## ENTRIES SHOWN
= = = =

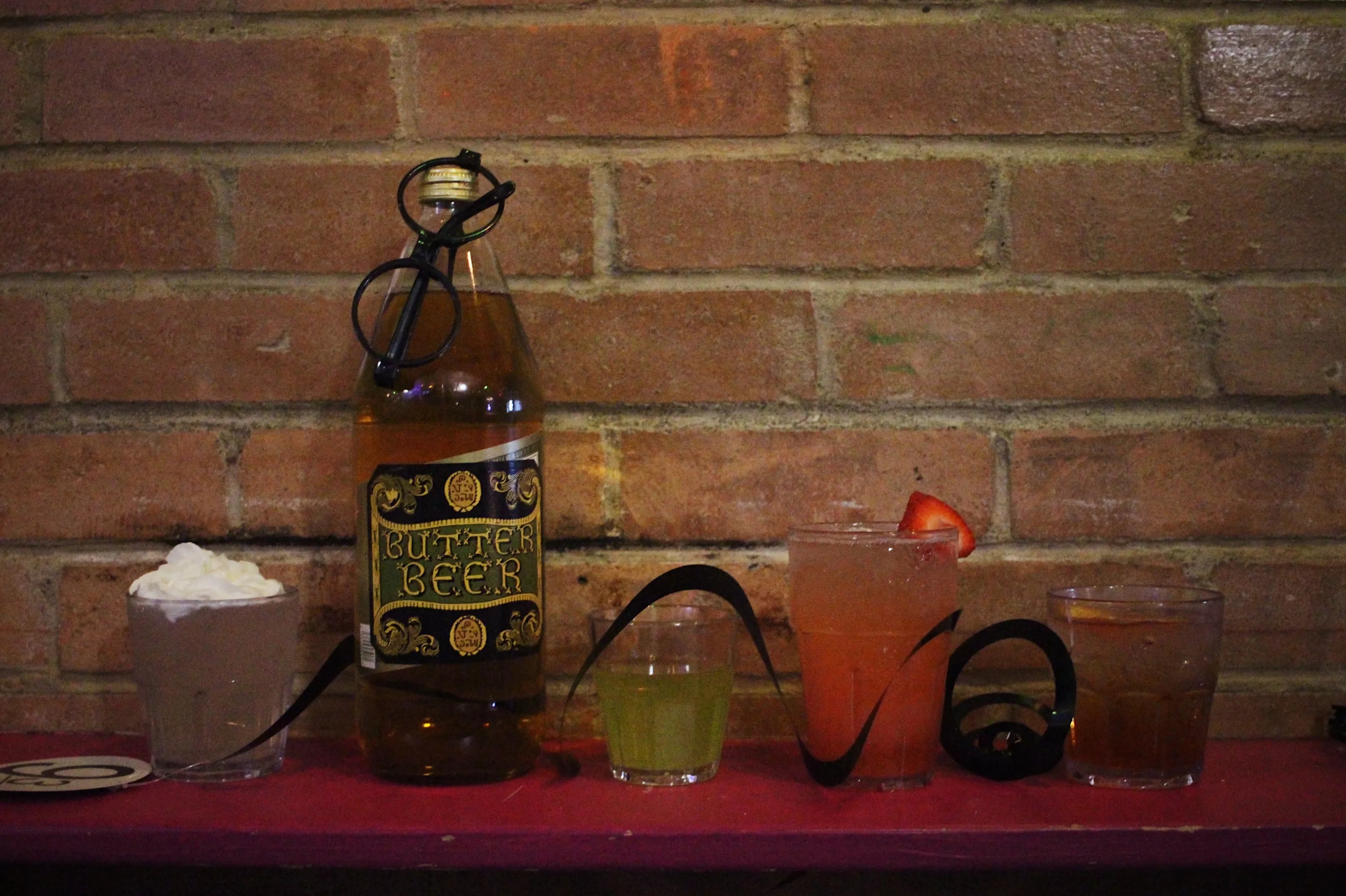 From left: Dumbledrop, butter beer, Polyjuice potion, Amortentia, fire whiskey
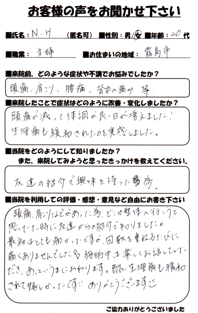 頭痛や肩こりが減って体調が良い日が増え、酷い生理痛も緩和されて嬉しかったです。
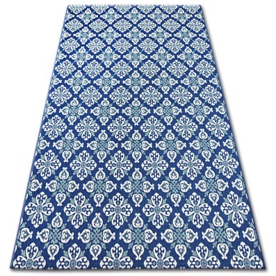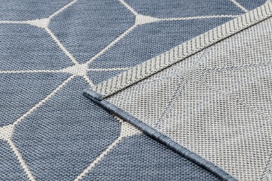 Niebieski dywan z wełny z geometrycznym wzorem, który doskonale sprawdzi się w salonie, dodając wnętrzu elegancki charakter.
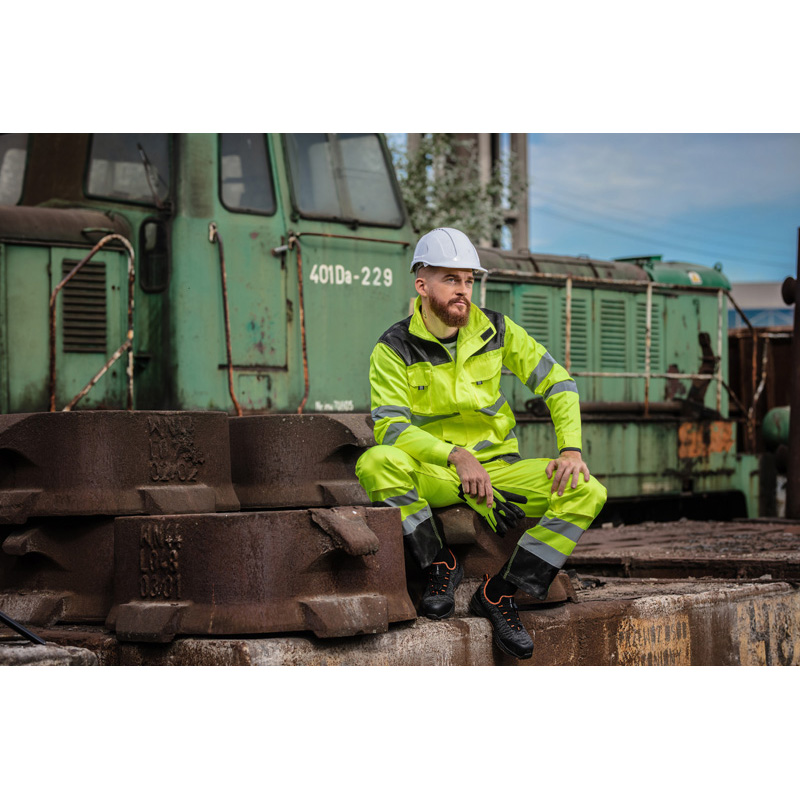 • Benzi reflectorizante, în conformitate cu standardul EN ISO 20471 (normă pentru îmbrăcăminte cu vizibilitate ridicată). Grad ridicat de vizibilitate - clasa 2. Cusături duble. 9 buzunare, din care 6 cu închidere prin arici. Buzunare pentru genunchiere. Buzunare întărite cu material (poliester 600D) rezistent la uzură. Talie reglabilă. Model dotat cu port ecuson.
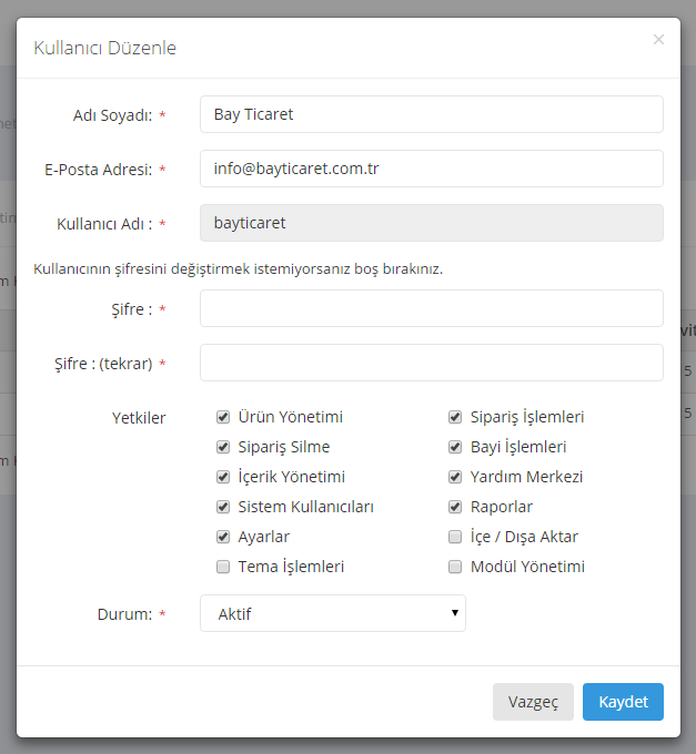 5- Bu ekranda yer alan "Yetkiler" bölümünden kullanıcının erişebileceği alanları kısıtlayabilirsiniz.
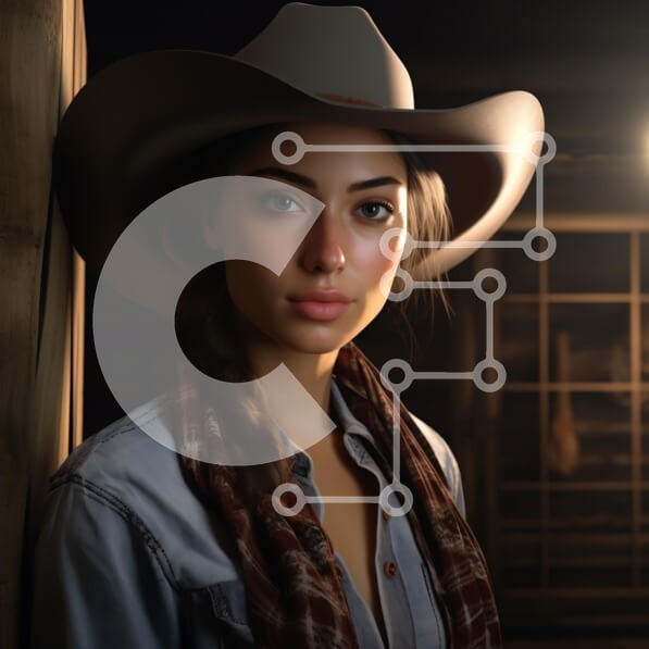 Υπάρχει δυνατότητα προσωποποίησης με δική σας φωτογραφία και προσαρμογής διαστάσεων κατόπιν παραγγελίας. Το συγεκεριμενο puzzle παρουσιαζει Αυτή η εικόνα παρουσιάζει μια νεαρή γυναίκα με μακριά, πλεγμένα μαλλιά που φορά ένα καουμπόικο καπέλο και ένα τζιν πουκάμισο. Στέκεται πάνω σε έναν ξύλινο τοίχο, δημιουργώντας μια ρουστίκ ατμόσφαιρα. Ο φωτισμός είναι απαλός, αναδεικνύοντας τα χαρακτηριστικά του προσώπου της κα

= = = =

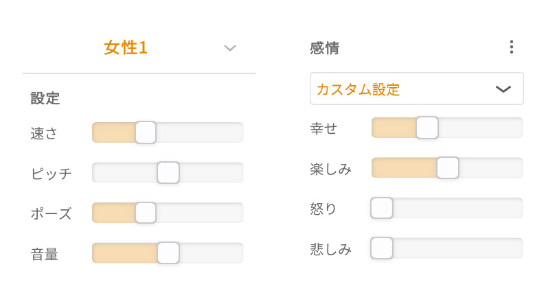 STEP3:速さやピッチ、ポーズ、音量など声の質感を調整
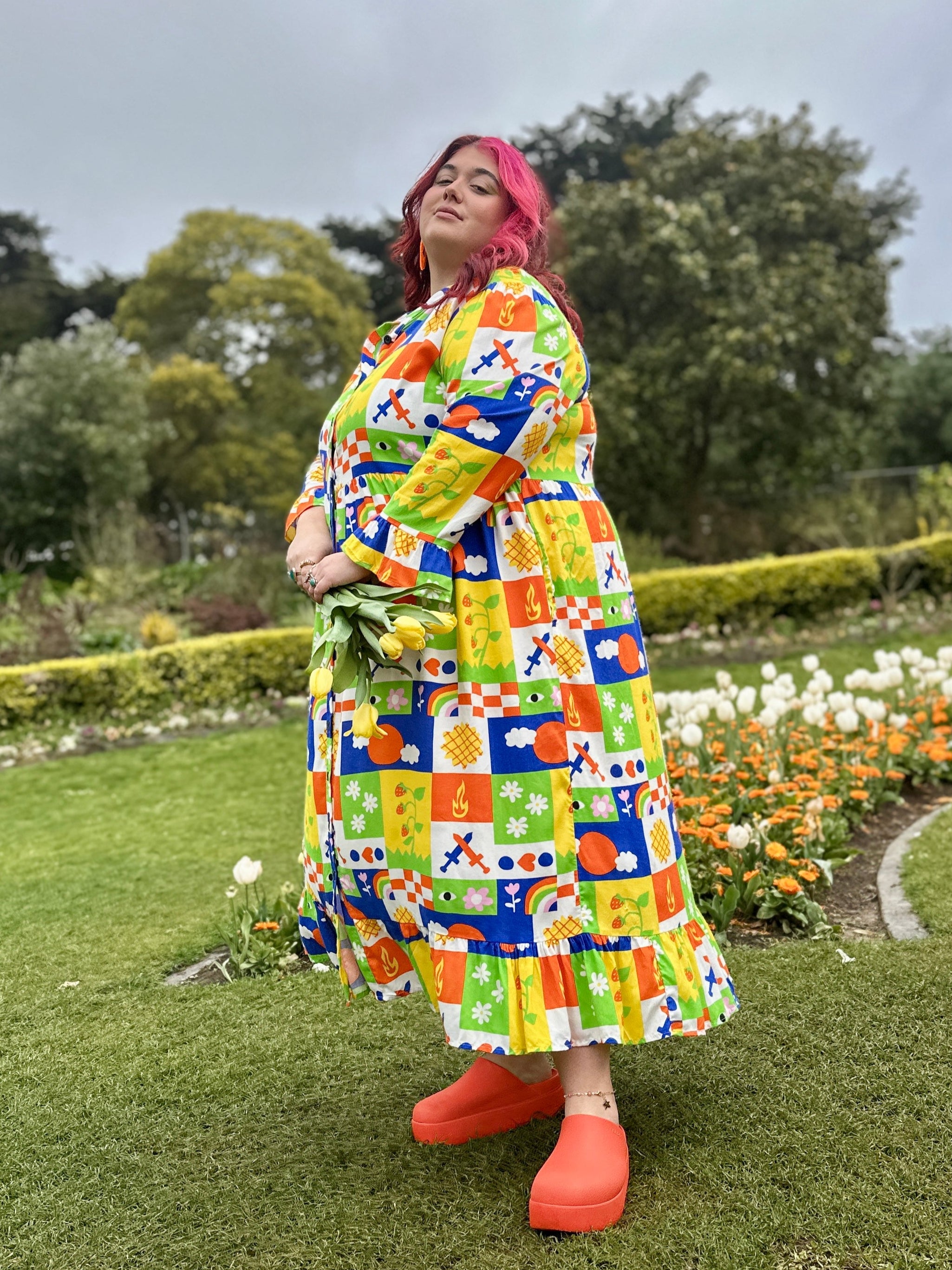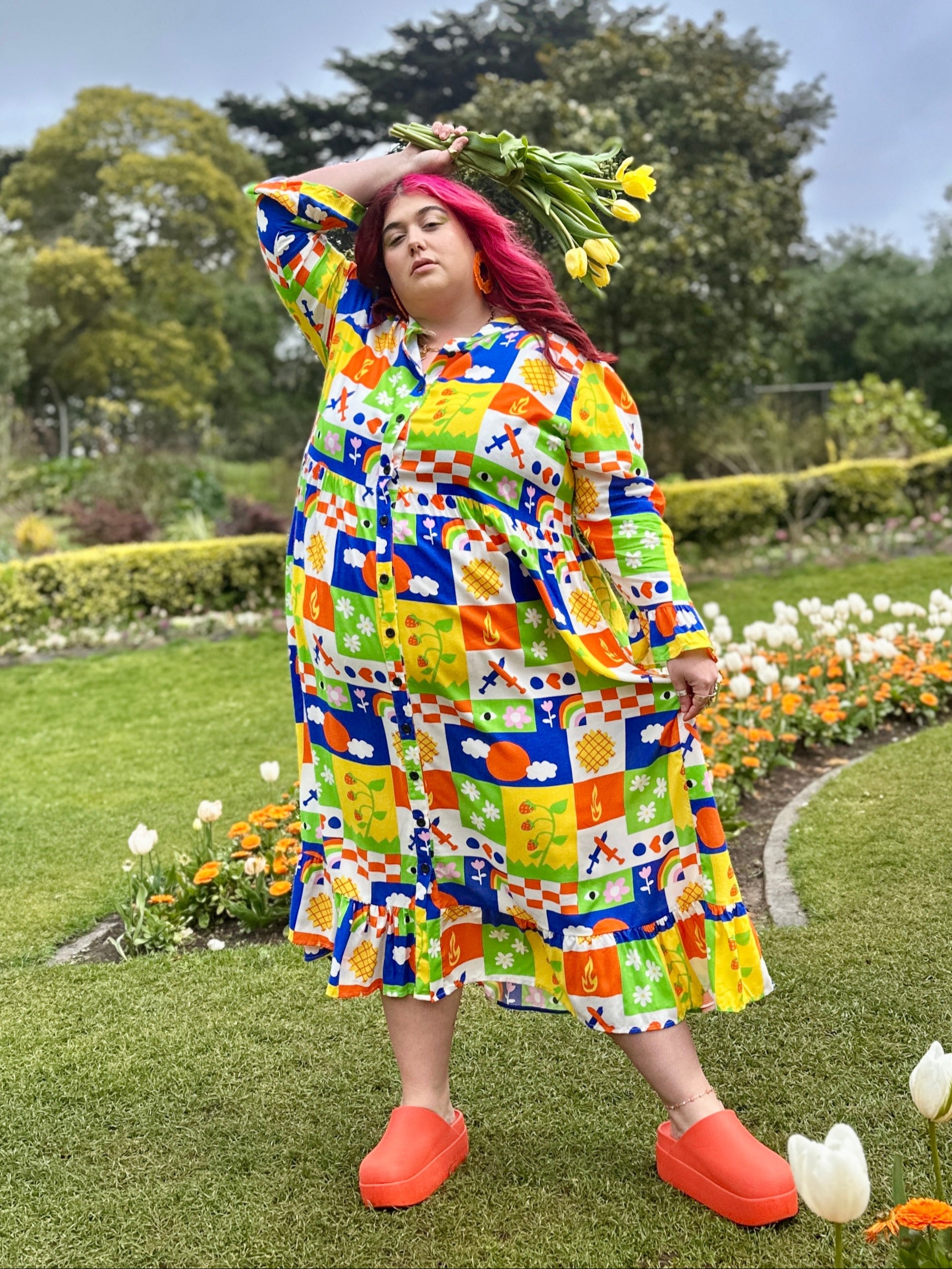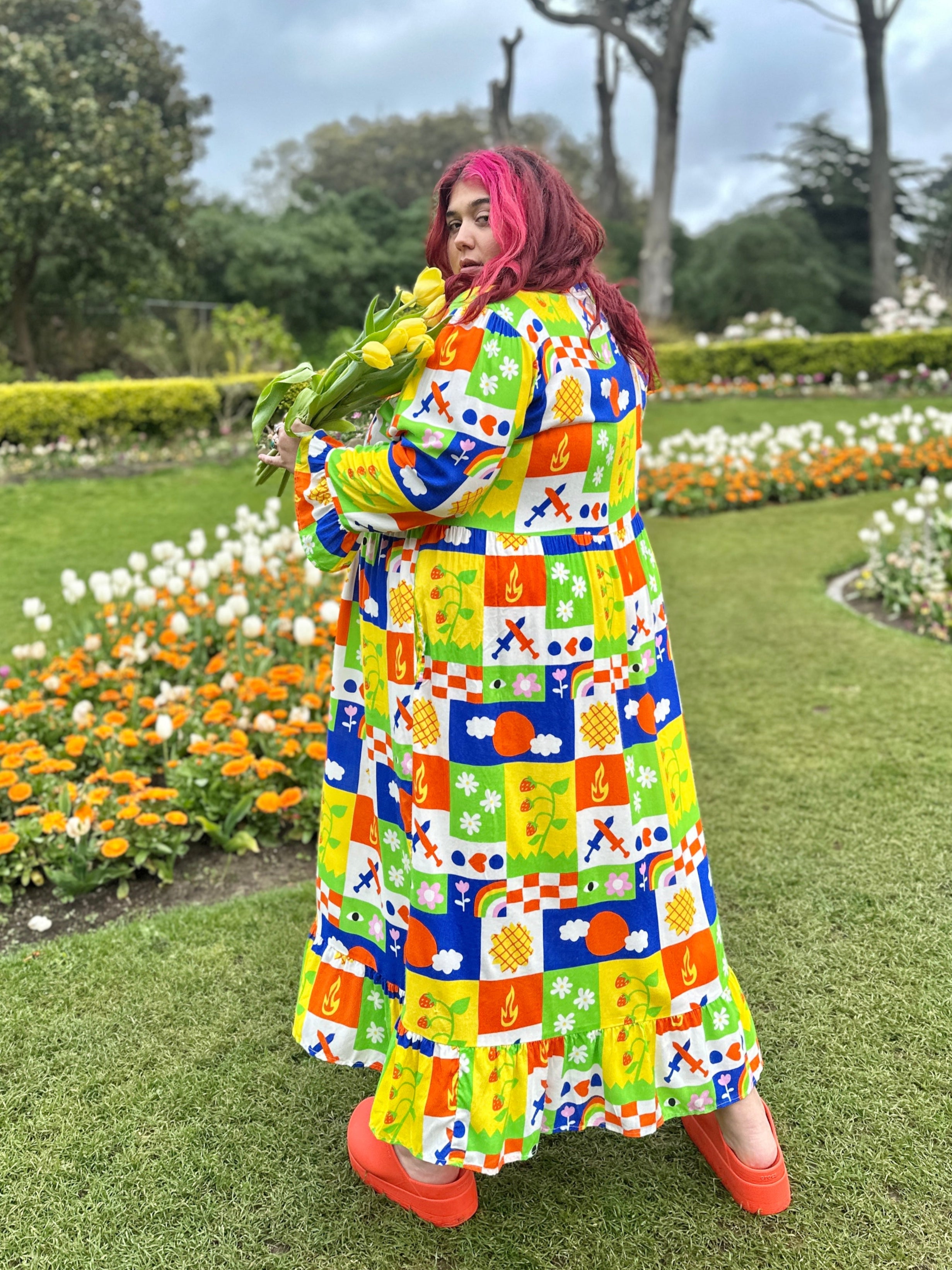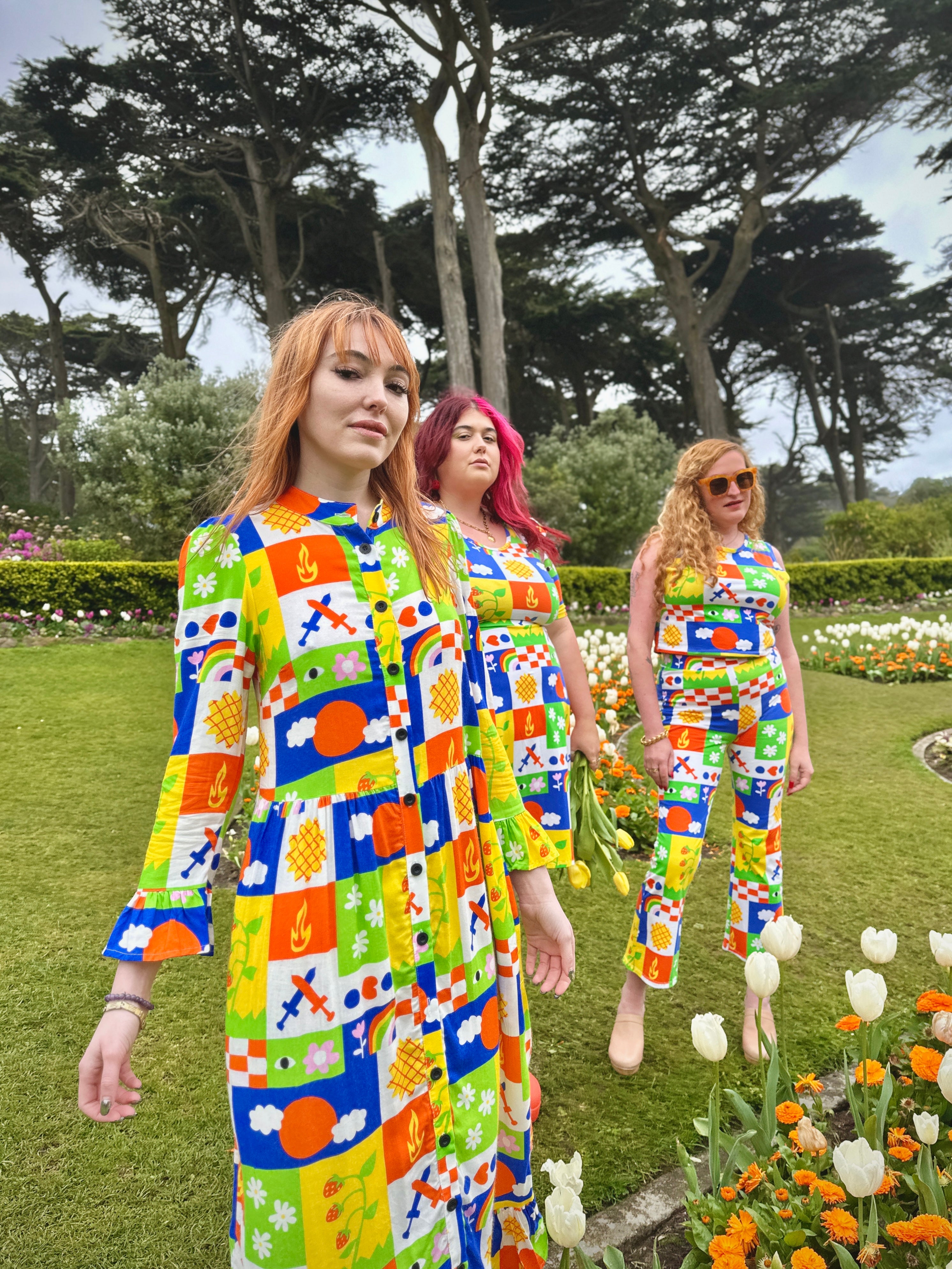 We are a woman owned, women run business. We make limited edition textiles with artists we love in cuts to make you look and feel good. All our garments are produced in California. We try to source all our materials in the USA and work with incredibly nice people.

= = = =

In the listing above, find the line containing "cu port ecuson." and the line containing "Υπάρχει δυνατότητα προσωποποίησης", then write out both of them and every line between, exactly, with no pictures.

## TASK ANSWER
 • Benzi reflectorizante, în conformitate cu standardul EN ISO 20471 (normă pentru îmbrăcăminte cu vizibilitate ridicată). Grad ridicat de vizibilitate - clasa 2. Cusături duble. 9 buzunare, din care 6 cu închidere prin arici. Buzunare pentru genunchiere. Buzunare întărite cu material (poliester 600D) rezistent la uzură. Talie reglabilă. Model dotat cu port ecuson.
 5- Bu ekranda yer alan "Yetkiler" bölümünden kullanıcının erişebileceği alanları kısıtlayabilirsiniz.
 Υπάρχει δυνατότητα προσωποποίησης με δική σας φωτογραφία και προσαρμογής διαστάσεων κατόπιν παραγγελίας. Το συγεκεριμενο puzzle παρουσιαζει Αυτή η εικόνα παρουσιάζει μια νεαρή γυναίκα με μακριά, πλεγμένα μαλλιά που φορά ένα καουμπόικο καπέλο και ένα τζιν πουκάμισο. Στέκεται πάνω σε έναν ξύλινο τοίχο, δημιουργώντας μια ρουστίκ ατμόσφαιρα. Ο φωτισμός είναι απαλός, αναδεικνύοντας τα χαρακτηριστικά του προσώπου της κα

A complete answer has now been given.